CoT Information: Improved Sample Complexity under Chain-of-Thought Supervision

Awni Altabaa

Yale University

Omar Montasser

Yale University

John Lafferty

Yale University

NeurIPS 2025

arXiv PDF Slides

Learning to Think: The Chain-of-Thought Advantage↩

Chain-of-thought (CoT) training has quickly become central to the reasoning breakthroughs of large language models. By supervising models not only on final answers but also on the intermediate reasoning steps, CoT training teaches them how to think, not just what to predict. This shift has enabled LLMs to tackle problems that require multi-step reasoning—tasks where conventional models trained end-to-end often fail.

We can see this difference in action when both models attempt the same problem.

Question. Which number is larger, 9.9 or 9.10?

ChatGPT 5 Instant answers the number comparison question incorrectly when forced to respond immediately. — ChatGPT 5 Instant (left), prompted to respond instantly, guesses the wrong answer. ChatGPT Thinking (right) produces the correct answer after reasoning step-by-step.

ChatGPT 5 Thinking solves the number comparison question correctly by reasoning step-by-step. — ChatGPT 5 Instant (left), prompted to respond instantly, guesses the wrong answer. ChatGPT Thinking (right) produces the correct answer after reasoning step-by-step.

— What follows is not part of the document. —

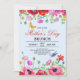 Elegante Moda de flores silvestres primavera Invitación de brunch del Día de la Madre. Hermosa celebración con madre con flores de rosa y rojo, mariposas y libélulas. Personalice esta plantilla con su información. Fondo de color azul en la parte delantera y rosa en la parte posterior. El color es el personalizable.

Question. A forest has 1000 trees. Each year, loggers cut down half of the trees remaining at the start of the year. In the same year, conservationists plant 100 new trees at the end of the year. After this process repeats for two years, how many trees are in the forest?

ChatGPT 5 Instant fails on the forestry word problem without reasoning. — ChatGPT 5 Instant (left), prompted to respond instantly, guesses the wrong answer. ChatGPT Thinking (right) produces the correct answer after reasoning step-by-step.

ChatGPT 5 Thinking solves the forestry word problem with chain-of-thought supervision. — ChatGPT 5 Instant (left), prompted to respond instantly, guesses the wrong answer. ChatGPT Thinking (right) produces the correct answer after reasoning step-by-step.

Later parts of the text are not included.